* **Activity**:
With the pictures left aside, write out exactly the lines of the listing below from the line with "デニムシャツ メンズ シャツ" to the line with "大型水空调柜机,冷暖两用,智", both included, and only those.

* **Extracted data**:
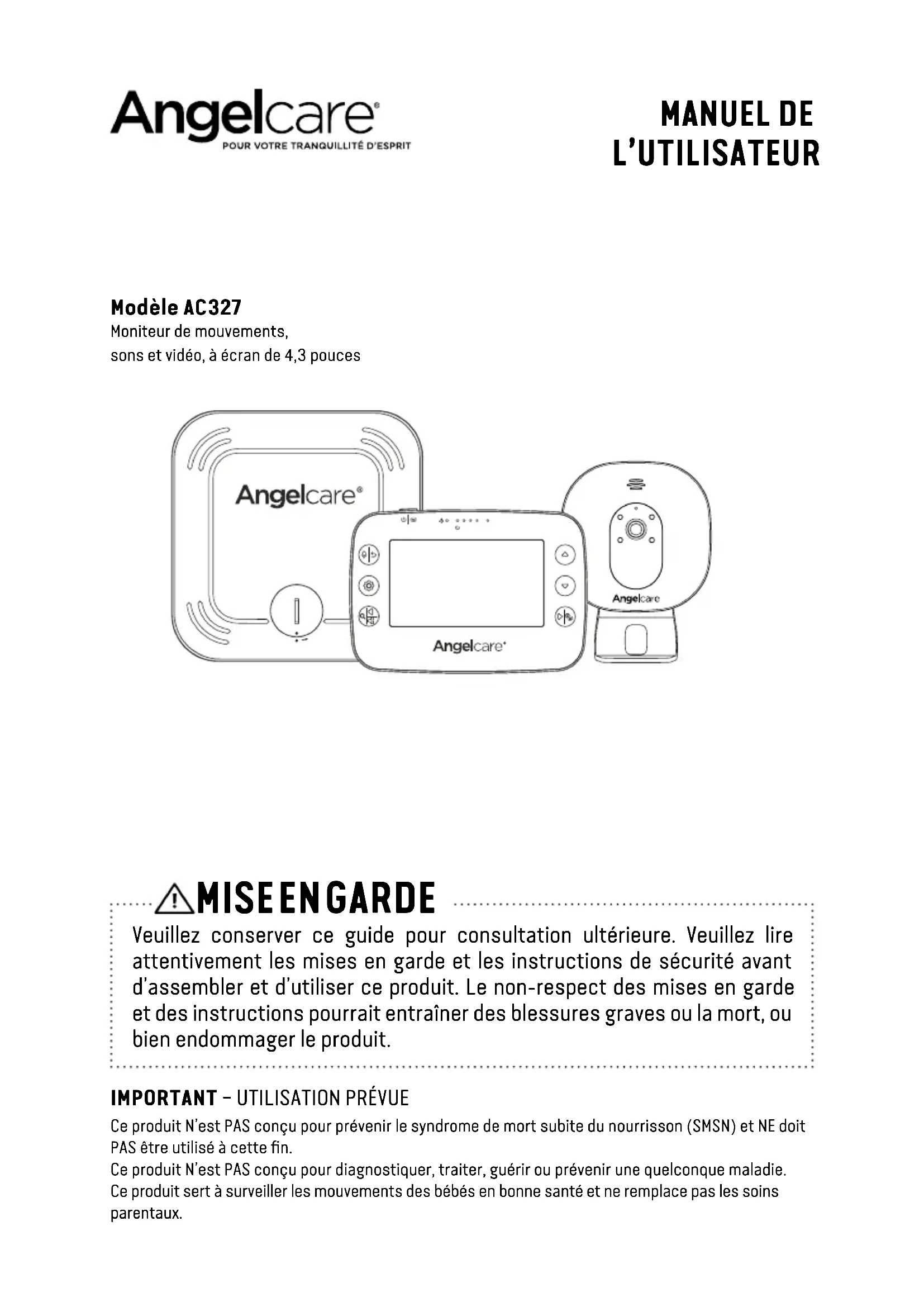 Ce produit N’est PAS conçu pour prévenir le syndrome de mort subite du nourrisson (SMSN) et NE doit PAS être utilisé à cette fin. Ce produit N’est PAS conçu pour diagnostiquer, traiter, guérir ou prévenir une quelconque maladie. Ce produit sert à surveiller les mouvements des bébés en bonne santé et ne remplace pas les soins parentaux. Modèle AC327 Moniteur de mouvements, sons et vidéo, à écran de 4,3 pouces3. N’utilisez PAS un mobile ou d’autres accessoires qui pourraient produire des mouvements ou des vibrations.4. Les ventilateurs (y compris les ventilateurs de plafond), les machines à laver, les systèmes de chauffage central et la musique forte génèrent tous des mouvements et des vibrations qui peuvent être détectés par le détecteur de mouvements et perturber son fonctionnement.5. Si une unité du nourrisson supplémentaire est ajoutée, elle doit être installée à au moins 2 mètres de l’unité du nourrisson 1 et du détecteur de mouvements, car elle peut nuire à leur fonctionnement.6. NE placez PAS le lit du bébé de façon à ce qu’il touche celui du parent ou du surveillant, car le détecteur de mouvements détectera leurs mouvements.7. NE placez PAS le lit contre un mur ou une plinthe, car les vibrations pourraient être détectées.8. Après le retrait du bébé du lit, il est possible que des mouvements continuent d’être détectés et que l’alarme ne sonne pas en raison du fait que le matelas reprend progressivement sa forme initiale.9. Assurez-vous que le lit est stable afin d’éliminer tout mouvement.10. Le lit ne doit pas être placé à proximité d’un autre lit.11. N’utilisez PAS d’autres appareils sans fil dans la pièce où le moniteur se trouve (p. ex. téléphones cellulaires, micro-ondes, etc.). Ils peuvent perturber le signal et nuire au fonctionnement de l’appareil.12. Le détecteur de mouvements est fait de plastique et ne permet pas à l’air de circuler. De la moisissure peut donc se former sous le matelas, dans la zone du détecteur de mouvements. Afin de prévenir l’apparition de moisissure, nous vous suggérons de retourner le matelas régulièrement. N’EXPOSEZ PAS L’APPAREIL À L’HUMIDITÉ. Nettoyez ou essuyez l’appareil avec un linge sec et non pelucheux.13. Le détecteur de mouvements ne doit pas être utilisé pour des enfants de plus de 24 mois.14. Ce produit ne remplace pas la supervision d’un adulte responsable.
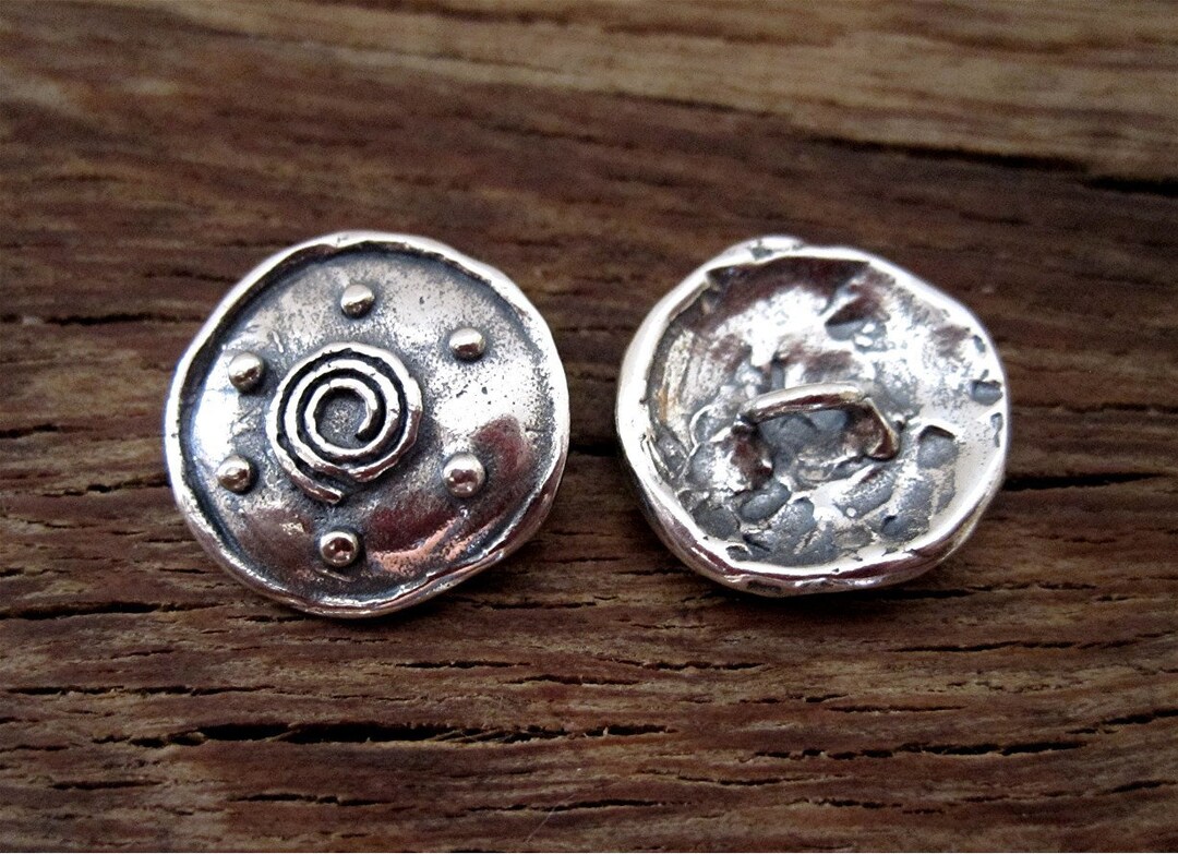 One Artisan Sterling Silver Dotted Spiral Button and Leather - Etsy
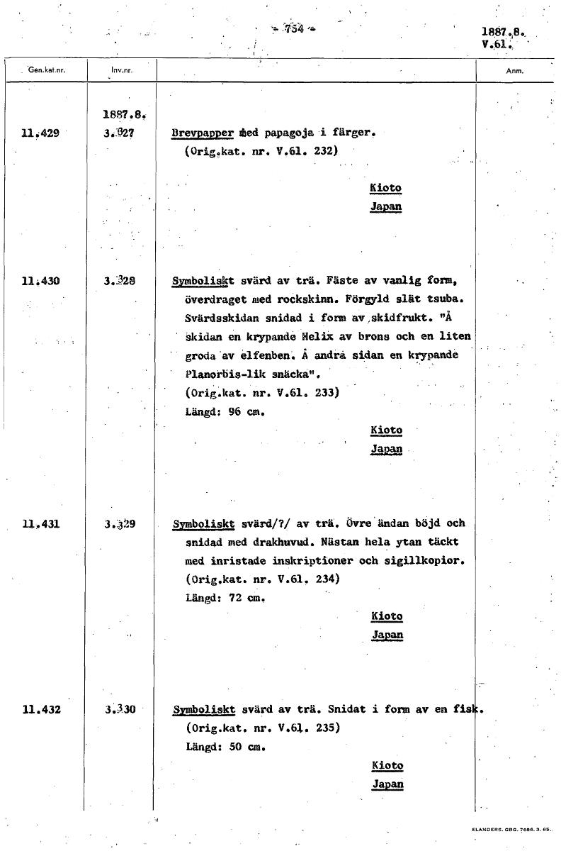 754-‘ 1887.8. V.61. 1887.8. 11:429 3.327 Brevpapper died papagoja i färger. (Orig.kat. nr. V.61. 232) Kioto Japan 11.430 3.328 Symboliskt svärd av trä. Fäste av vanlig form, överdraget med rockskinn. ...Visa hela
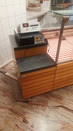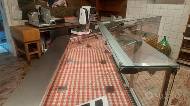 vendo per cessata attività banco frigo completo compreso di motore esterno.. smontaggio e riassemblaggio a carico del cliente.. misure lunghezza parte dritta 240 parte laterale 175 cubo porta cassa 50 profondità 120.. si applica fattura.. al prezzo va aggiunta l Iva al 22%.. prezzo trattabile..
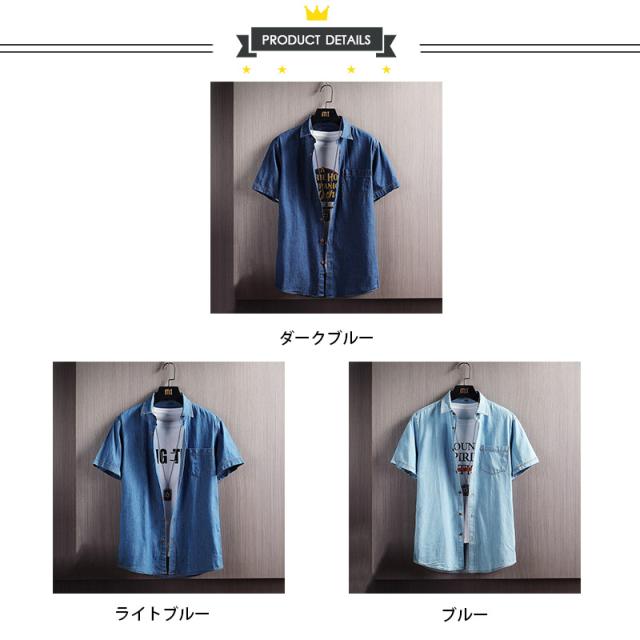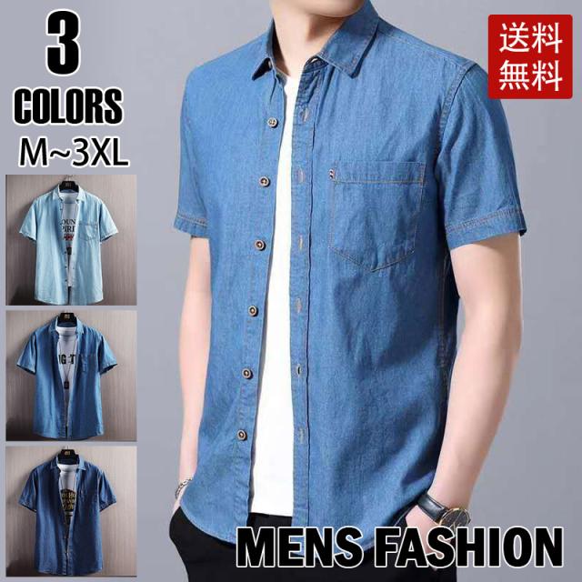 デニムシャツ メンズ シャツ 半袖 トップス シンプル 大きいサイズ 小さいサイズ カジュアル シャツ スキニー 無地 デニム 通勤 通学 快適 父の日 プレゼント
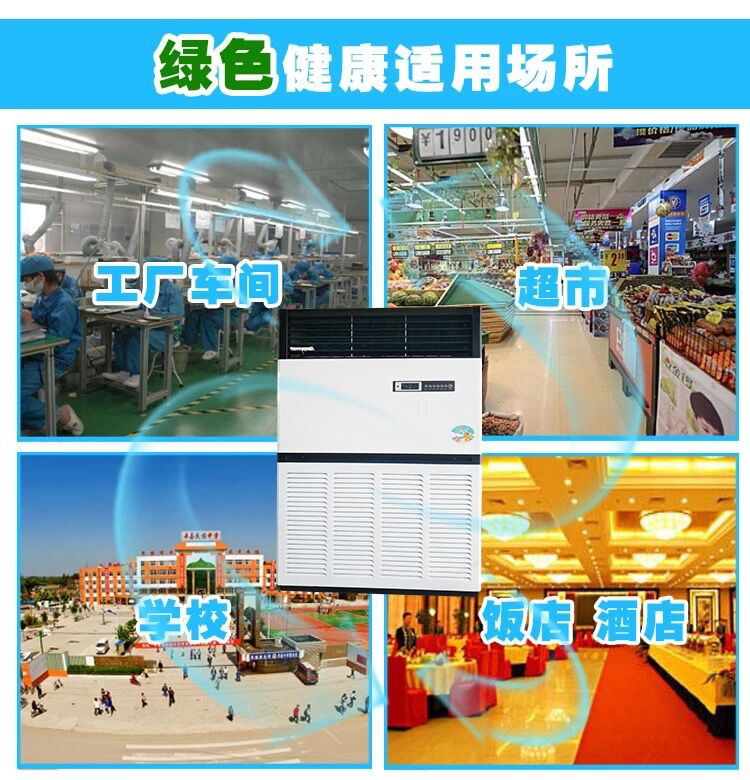 大型水空调柜机,冷暖两用,智能遥控,车间,厂房,办公楼,餐厅,饭店等公共场所使用。
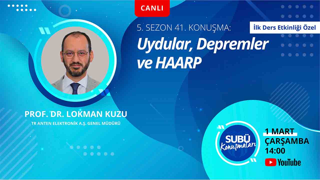 Sakarya Uygulamalı Bilimler Üniversitesi (SUBÜ) tarafından düzenlenen SUBÜ Konuşmaları’nın 5’inci sezonu ilk ders etkinliği ile başladı. İlk ders etkinliğinin konuşmacısı ‘Uydular, Depremler ve HAARP’ başlıklı konuyla TR Anten Elektronik A.Ş. Genel Müdürü Prof. Dr. Lokman Kuzu oldu. Moderatörlüğünü Lisansüstü Eğitim Enstitüsü Müdür Yardımcısı Dr. Öğretim Üyesi Ömer Yazıcı’nın yaptığı etkinlikte; uyduların türleri, kullanım alanları, depremlerin oluşum nedenleri, sismik hareketler, HAARP’in kullanım alanları ve deprem üzerine etkisi gibi konular konuşuldu. Üniversitenin YouTube kanalından canlı yayınlanan etkinlikte izleyicilerden gelen sorular da cevaplandırıldı.
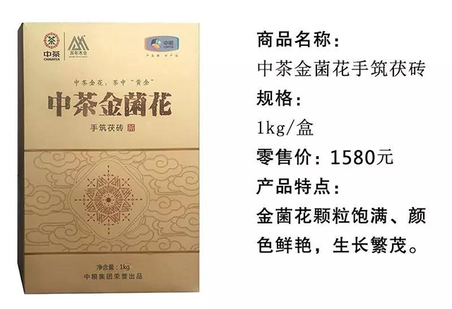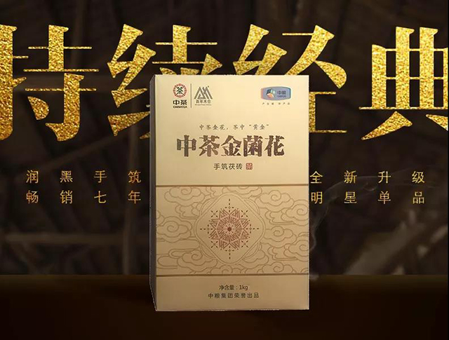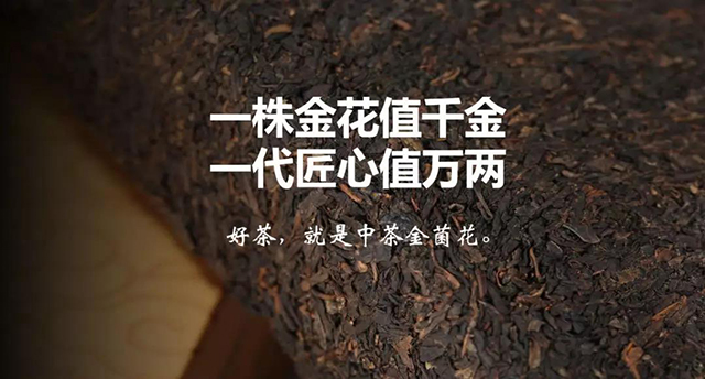 中茶金菌花在精选优质鲜嫩原料的基础上,由百年安化第一茶厂制茶匠人精准拿捏,传承传统黑茶发酵工艺,百年技艺造就其甜醇口感;经百年木仓“一仓两藏”原料、半成品二次陈化,甜香、菌香馥郁;制茶匠人纯手工筑制,砖面匀整,松紧适中,发花茂盛;入口甘甜柔和,回甘明显;汤色似红酒般红亮,叶底红褐匀整,完整度高。优良品种,优质原料,百年工艺,匠心传承,中茶金菌花在茶界的地位不言自明。所谓茶中“黄金”,金贵的不仅是原材料和产品本身,更是产品背后的故事和价值,先有湘西保靖黄金茶,“一两黄金一两茶”,今有中茶金菌花,“一株金花胜千金,一代匠心值万两”。

* **Answer to the problem**:
 デニムシャツ メンズ シャツ 半袖 トップス シンプル 大きいサイズ 小さいサイズ カジュアル シャツ スキニー 無地 デニム 通勤 通学 快適 父の日 プレゼント
 大型水空调柜机,冷暖两用,智能遥控,车间,厂房,办公楼,餐厅,饭店等公共场所使用。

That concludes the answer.